2) Eventwise (Trump Election, MSFT),

3) Secular (Anti-Goldilocks), and

4) Fund Flow behavior ( Mac-D fund rules)..

5) Technically, an apparent Cup/Handle formation triggered

Most of these things happened slowly over the last 3 months. The cup/handle formation gives the risk/reward not unlike the one Gold just demolished to the upside.

So, a trade was put on (with plenty of room for profit and loss) worth sharing. The parallels to Gold listed above are striking on a technical, fund flow, and secular level. The asset specific reasons (Market structure, Trump Event ) are the wild cards. Win or Lose here is the recipe.

    Introduction: Bitcoin as a Trade, Not a Belief System

    This is a trade about Bitcoin—pure and simple. Not about asset class comparisons, monetary theory, or any gold-standard analogies. I’m long on Bitcoin strictly for trading purposes, not for making any ideological or “religious” statements here.

    Rationale for Increasing the Position

    When Bitcoin crossed the 73,000 mark, I expanded my position by 33%. Why? Two reasons. First, I saw what looked like a solid cup-and-handle formation—something that also came up with gold. Now, I’m no technical analyst, but I respect technical formations for their risk-reward insights. Technical analysis isn’t about mysticism; it’s about setting clear numbers and managing risk.

    Cup and Handle: Why Technical Analysis Matters Here

    Let’s be clear: technical formations are useful for defining risk-reward, even if they’re not all as classic as “cups and handles” or “head and shoulders.” I tend to see patterns like Vs and Ws, not the standard textbook stuff. But with Bitcoin, this breakout above 73,000 looked like a textbook cup and handle—a signal to act.

    Gold’s Cup and Handle level estimates….

     

    Second Reason: Reduced Clearance Time for Shorting Bitcoin

    The second reason I went long was the reduction in clearance time for Bitcoin from three days to just 12 hours. That’s significant. It means shorting Bitcoin becomes harder—similar to what’s been done with gold and silver in terms of holding prices down through rehypothecation post Basel 3 passing. Essentially, Bitcoin’s availability for shorting becomes restricted, just like in precious metals markets due to the BRICS calling back their collateral.

    Acknowledgment to Early Indicators

    Hat tip to Tyler Durden ( Not ZeroHedge TD.. his X/Twiter handle.) for spotting this BTC clearing time change early. He recognized the issue on the “bleeding edge” and was quick to highlight its impact. Knowing this, I felt better about the technical call on Bitcoin.

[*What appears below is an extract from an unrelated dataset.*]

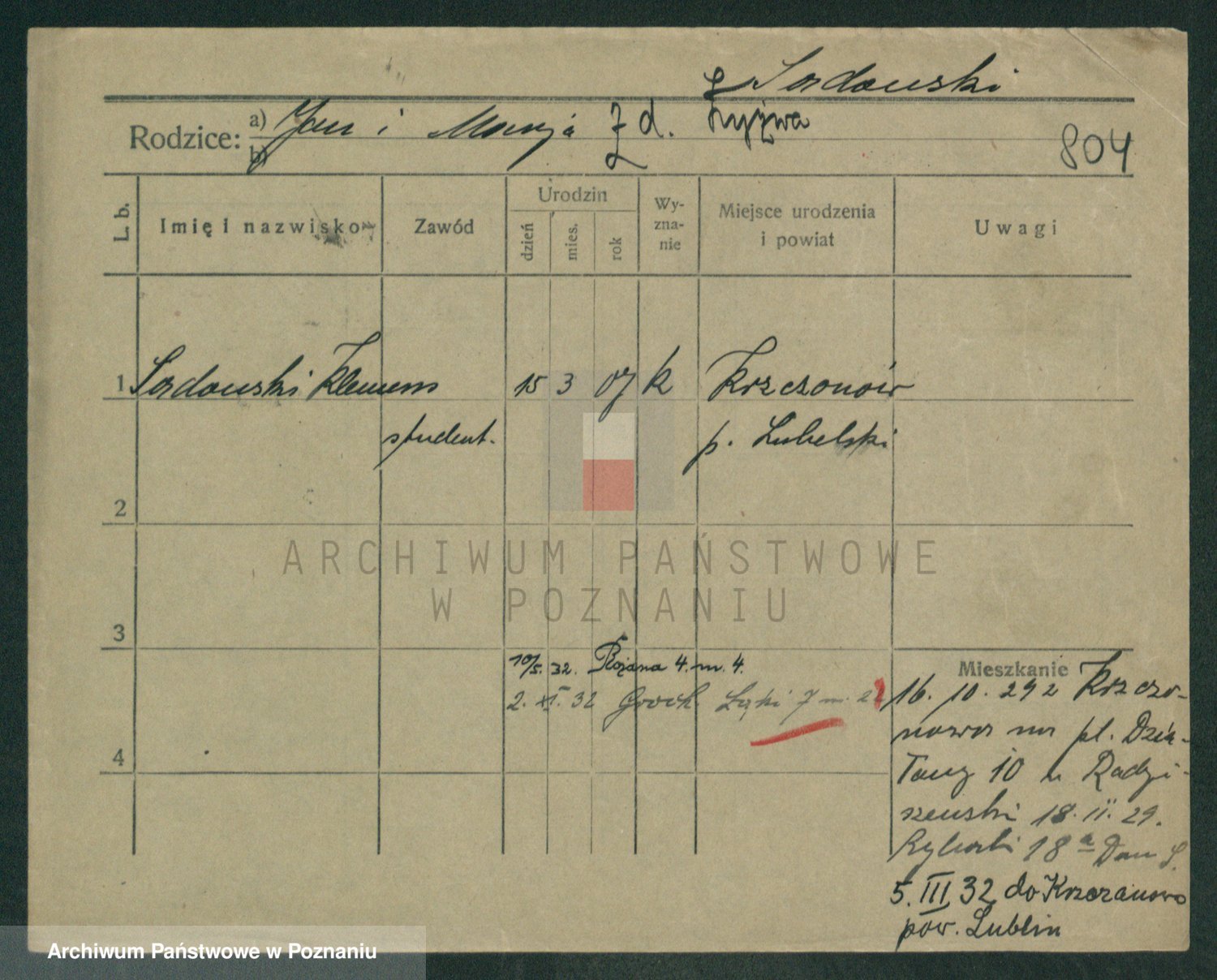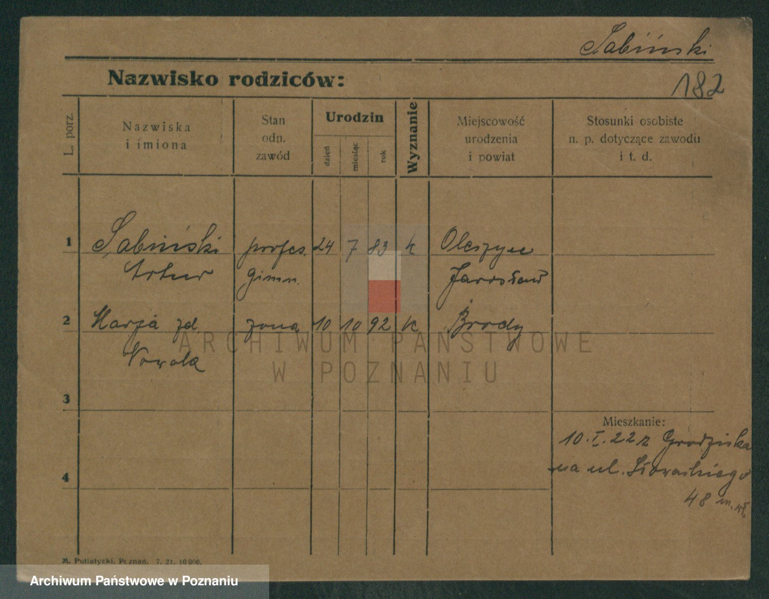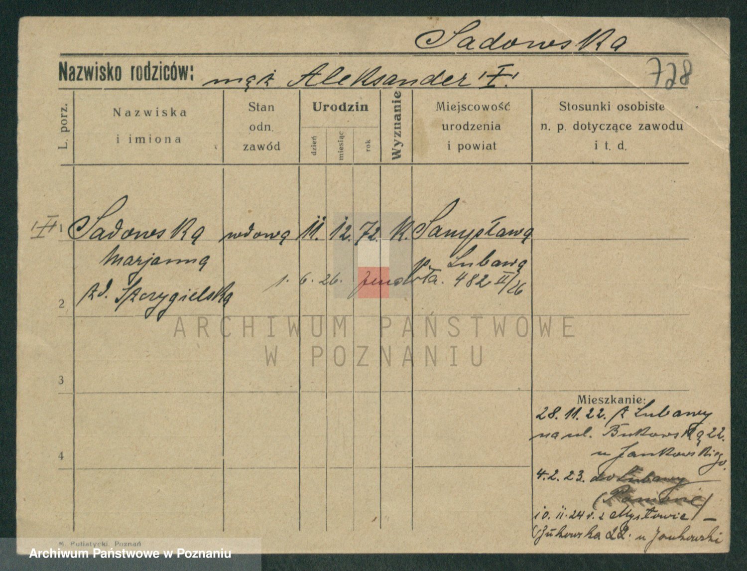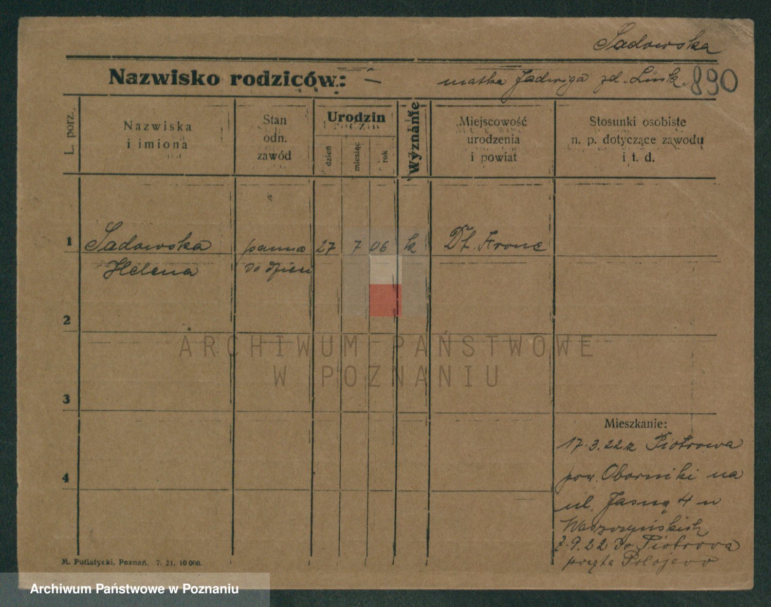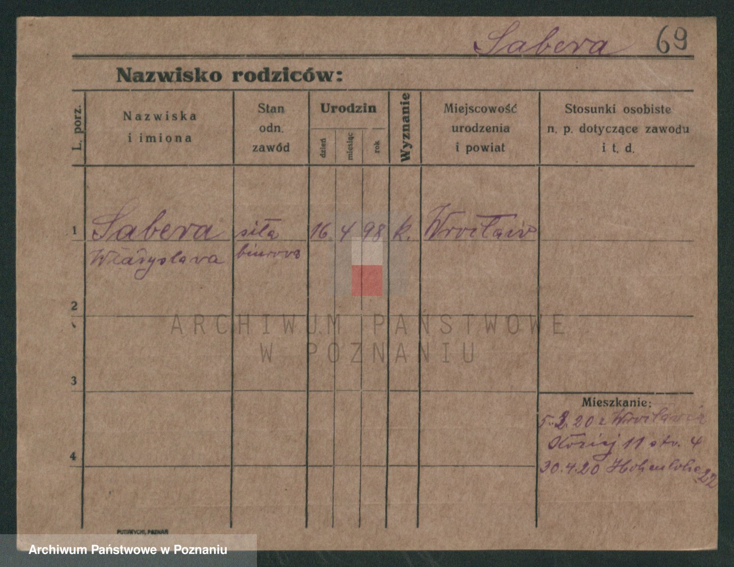 Podgląd karty osobowej dostępny jest po kliknięciu na nazwisko lub ikonkę karty. Można dokonywać powiększenia (ikony na górze) lub przechodzić między kolejnymi skanami (strzałki po bokach).

    Bitcoin’s Cup and Handle formation is just breaking out…

    Gold and Bitcoin: Parallels in Market Behavior

    This technical setup in Bitcoin reminded me of what’s been happening with gold. There’s a rhythm here—almost like gold and Bitcoin are syncing up in cycles. Look back to 2020: Bitcoin rallied along with tech stocks and inflation, then both backed off in unison. Now, gold rallied again, and Bitcoin appears to be following suit. On a quarterly or yearly view, the parallels are hard to ignore.

    Big Players’ Influence: MACD and the Bond Vigilantes

    One of the early signs  noticed in gold’s rally was the behavior of large, discretionary macro funds, or what you could call the “MACD crowd.” These aren’t algorithm-driven funds; they’re the heavyweights of speculative finance, acting independently but based on strict quantitative criteria. When an asset makes a new high on a major moving average or quarterly basis, they step in.

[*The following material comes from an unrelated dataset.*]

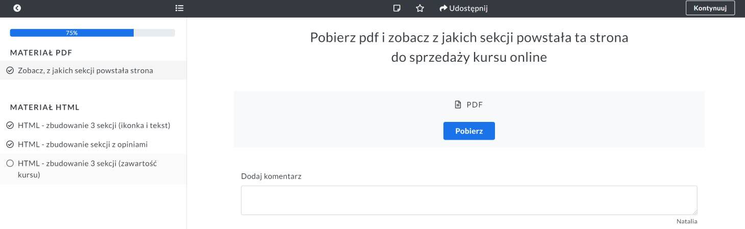 Każdy student w panelu nauki ma możliwość mierzenia swojego postępu w przerabianiu kursu. A wizualizuje to jemu tzw. pasek progressu. Czyli informuje on jaki % kursu został ukończony i ile zostało do końca. Taką samą informację, otrzymuje też twórca w swoim panelu w Skyier . Dzięki temu on również wie, który student jest na jakim etapie. I dla ilu udało się już przerobić kurs w 20, 30, 50, czy w 100 procentach.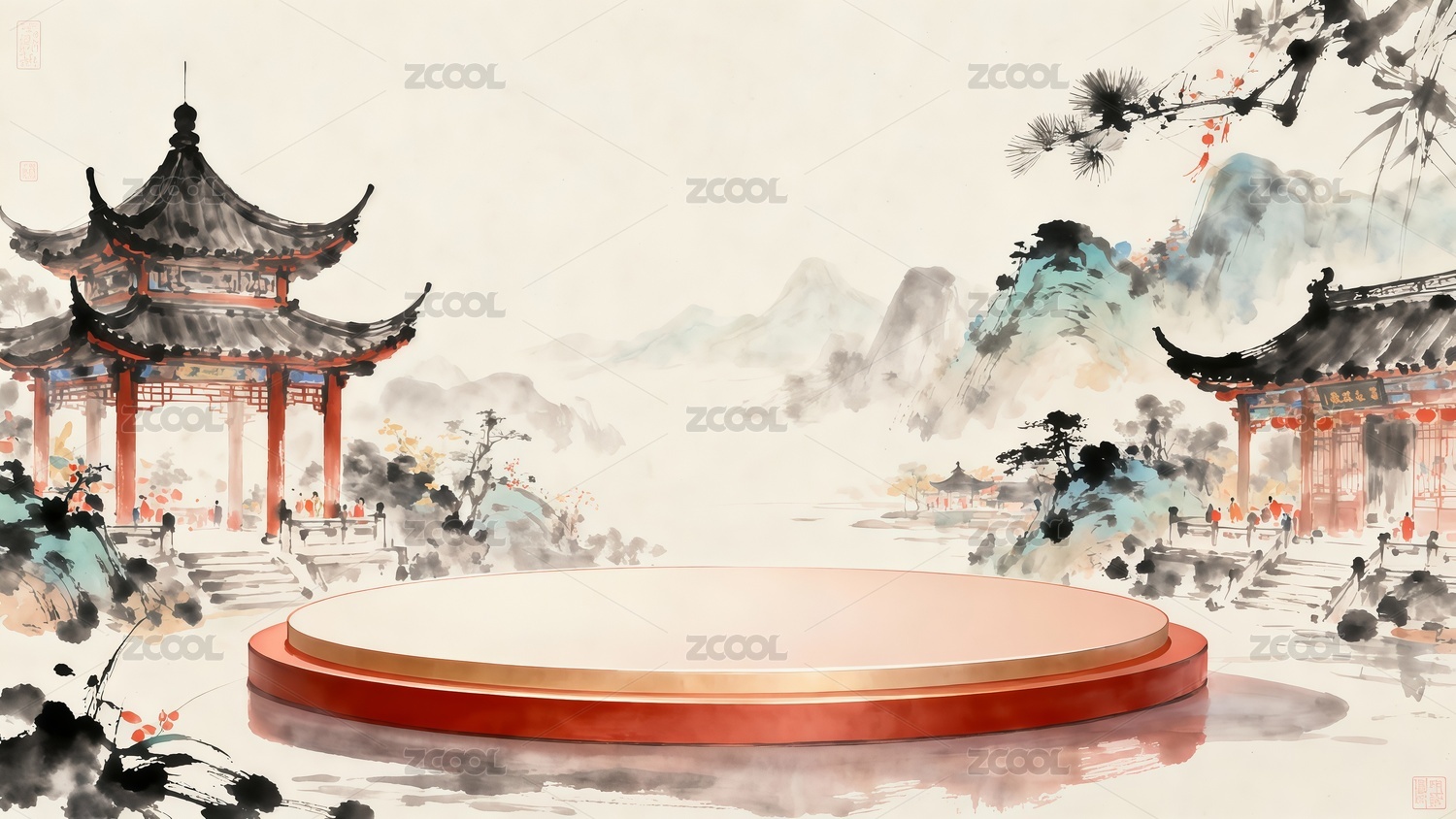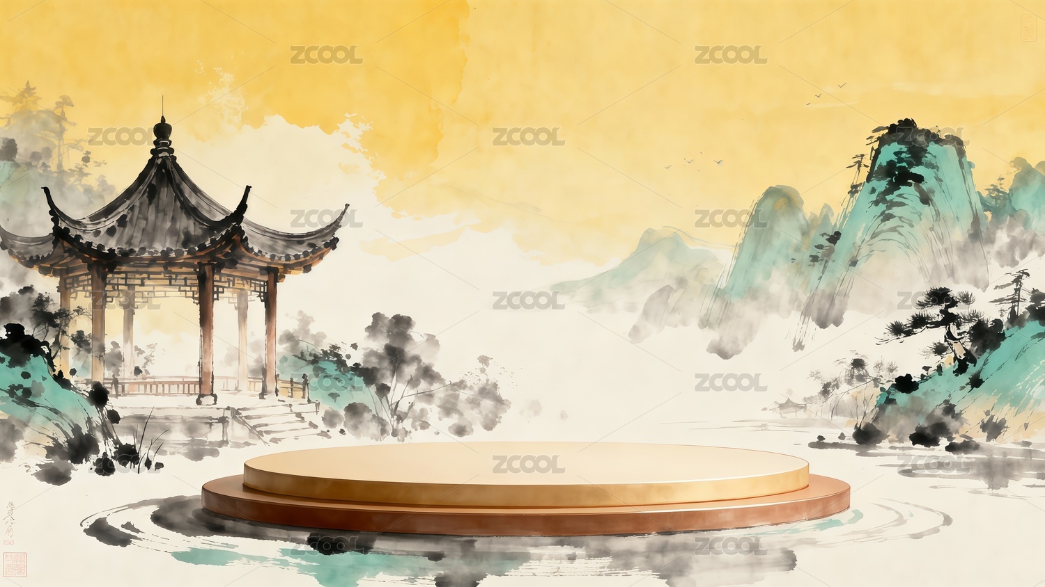 国画风格山水背景

    Bitcoin Target Concept …

    Macro Picture: Climbing Bond Yields and Inflation Response

    Zooming out, bond yields are climbing even as Powell cuts rates, reflecting a broader strategy to combat inflation. There are two ways to fight inflation: raising short-term rates, which curbs demand, or letting long-term yields rise, signaling the market to adjust. With long yields rising, inflation concerns drive higher asset prices.

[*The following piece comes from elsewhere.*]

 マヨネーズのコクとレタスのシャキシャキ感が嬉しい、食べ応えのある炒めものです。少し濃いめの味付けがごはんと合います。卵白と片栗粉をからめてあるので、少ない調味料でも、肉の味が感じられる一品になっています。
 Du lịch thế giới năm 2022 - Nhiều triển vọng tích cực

    Zoltan Pozsar’s Insight on Fighting Inflation

    Two and a half years ago, Zoltan Pozsar mentioned the need for a “Volcker moment” to truly tackle inflation. He implied letting markets become more volatile and allowing bond yields to climb, which is happening now. Bond yields have risen, and volatility has returned. It’s clear that the Fed is stepping back, letting inflation be countered by long-term bonds.